→ **Source material**:
=== Section Start ===
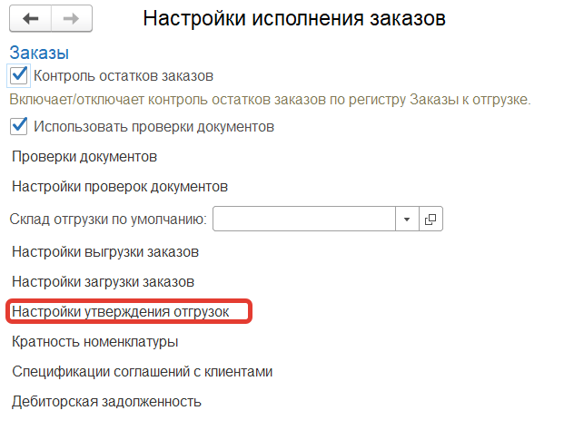 Утверждение отгрузок происходит по "Настройкам утверждения отгрузок", которые заполняются в разделе "Заказы" в подсистеме "Сервис" - Настройки исполнения заказов".
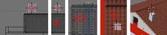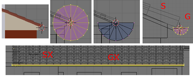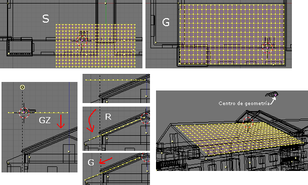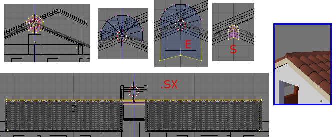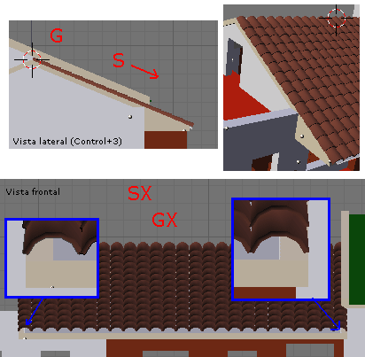 Seleccionando solos vértices interiores, pulsando,x se puede hacer un poco más estrecha. Luego pulsando g, z se puede mover un poco hacia arriba, para que se quede más pegada al techo.
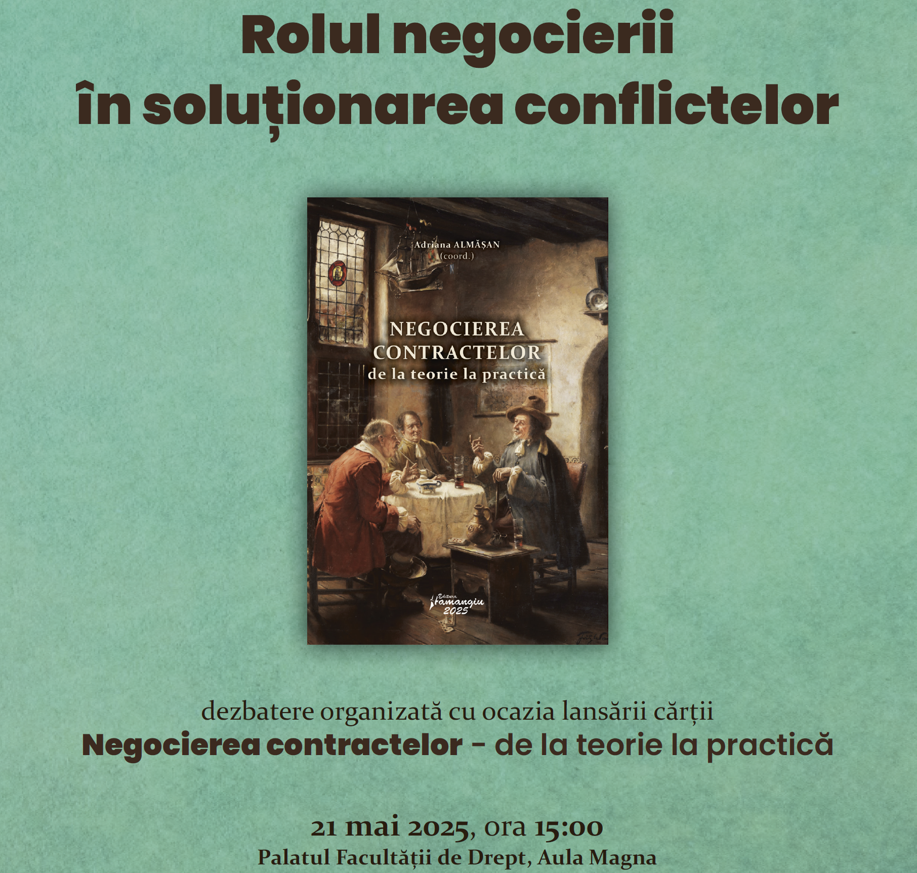 “Rolul negocierii în soluționarea conflictelor”, dezbatere organizată de Facultatea de Drept a Universității București cu ocazia lansării cărții ”Negocierea contractelor – de la teorie la practică” – Programul evenimentului
=== Section End ===
→ **Directions**:
Output the data above in full. Skip every picture.

→ **Written answer**:
 Утверждение отгрузок происходит по "Настройкам утверждения отгрузок", которые заполняются в разделе "Заказы" в подсистеме "Сервис" - Настройки исполнения заказов".
 Seleccionando solos vértices interiores, pulsando,x se puede hacer un poco más estrecha. Luego pulsando g, z se puede mover un poco hacia arriba, para que se quede más pegada al techo.
 “Rolul negocierii în soluționarea conflictelor”, dezbatere organizată de Facultatea de Drept a Universității București cu ocazia lansării cărții ”Negocierea contractelor – de la teorie la practică” – Programul evenimentului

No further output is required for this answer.